Pourquoi les conservateurs du Canada se sont-ils empressés de se débarrasser de leur chef Andrew Scheer?

Andrew Scheer a été forcé de démissionner de son poste de chef du Parti conservateur du Canada la semaine dernière en raison de la clameur grandissante pour son départ au sein du parti et des médias corporatifs. La goutte d'eau qui a fait déborder le vase fut la révélation que l'argent du Fonds conservateur était utilisé pour payer l'éducation privée des enfants de Scheer, apparemment à l'insu des personnalités du parti responsables de gérer le fonds.

Conformément à la constitution du parti, Scheer faisait déjà face à une «révision de la direction» ou à un vote lors d'un congrès du parti en avril. S'il a été évincé aussi rapidement, c'est parce qu'une grande partie de l'élite des grandes entreprises canadiennes partage la colère et la consternation des conservateurs face à l'incapacité du parti à renverser le gouvernement libéral dirigé par Justin Trudeau, largement discrédité, lors des élections fédérales d'octobre dernier.

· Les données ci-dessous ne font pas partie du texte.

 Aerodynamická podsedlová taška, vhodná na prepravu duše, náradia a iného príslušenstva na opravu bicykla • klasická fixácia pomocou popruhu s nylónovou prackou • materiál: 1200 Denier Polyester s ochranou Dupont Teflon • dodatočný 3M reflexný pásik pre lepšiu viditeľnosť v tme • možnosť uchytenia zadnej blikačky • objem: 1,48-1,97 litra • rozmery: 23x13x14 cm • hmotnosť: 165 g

L'hostilité viscérale envers le gouvernement Trudeau au sein de cette faction de la classe dirigeante et son exaspération face au résultat de l'élection l'ont également incité à encourager les gouvernements de droite de l'Alberta et de la Saskatchewan à menacer d'une crise de «l'unité nationale» si les libéraux ne rendent pas le programme fédéral de «péréquation» moins généreux, n'abolissent pas la taxe sur le carbone et ne font pas passer des projets de pipelines et de ressources naturelles devant l'opposition populaire.

En se débarrassant de Scheer maintenant, les conservateurs se positionnent pour faire tomber le gouvernement libéral minoritaire et forcer la tenue d'une nouvelle élection.

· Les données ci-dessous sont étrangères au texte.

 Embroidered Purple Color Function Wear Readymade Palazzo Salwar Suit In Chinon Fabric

En octobre dernier, les conservateurs ont remporté 22 sièges de plus qu'aux élections de 2015, lorsque le gouvernement conservateur de Harper a été chassé du pouvoir. Avec une part de 34,4% du vote national, ils ont obtenu près de 200.000 votes de plus que les libéraux.

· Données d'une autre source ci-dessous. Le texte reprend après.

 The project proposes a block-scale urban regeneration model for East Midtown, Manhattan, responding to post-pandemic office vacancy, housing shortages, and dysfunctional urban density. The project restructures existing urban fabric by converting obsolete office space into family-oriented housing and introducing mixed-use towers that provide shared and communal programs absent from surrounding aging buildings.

Cependant, en Ontario et au Québec, où vivent plus de 60% de la population et où se trouvent 199 des 338 sièges de la Chambre des communes, les conservateurs ont fait un gain net d'un seul siège.

Scheer, un disciple de Harper et gagnant du «compromis» de la direction du parti lors d'un 13e scrutin en 2017, a pris une grande partie du blâme pour cela. Les initiés du parti et les médias ont souligné son opposition farouche et d'inspiration catholique de droite à l'avortement et au mariage homosexuel, sa politique de poudre aux yeux en matière de changement climatique et son manque de charisme comme étant ses principaux défauts.

Il ne fait aucun doute que les opinions sociales conservatrices de Scheer ont aliéné de nombreux électeurs, surtout au Québec et dans les centres urbains du pays. Même après un torrent de critiques pendant et après la campagne électorale, il a réitéré qu'il ne se joindrait jamais à un défilé de la fierté gaie. Seul parmi les principaux dirigeants de parti, Scheer s'est manifestement abstenu de participer aux manifestations nationales contre le changement climatique le 27 septembre.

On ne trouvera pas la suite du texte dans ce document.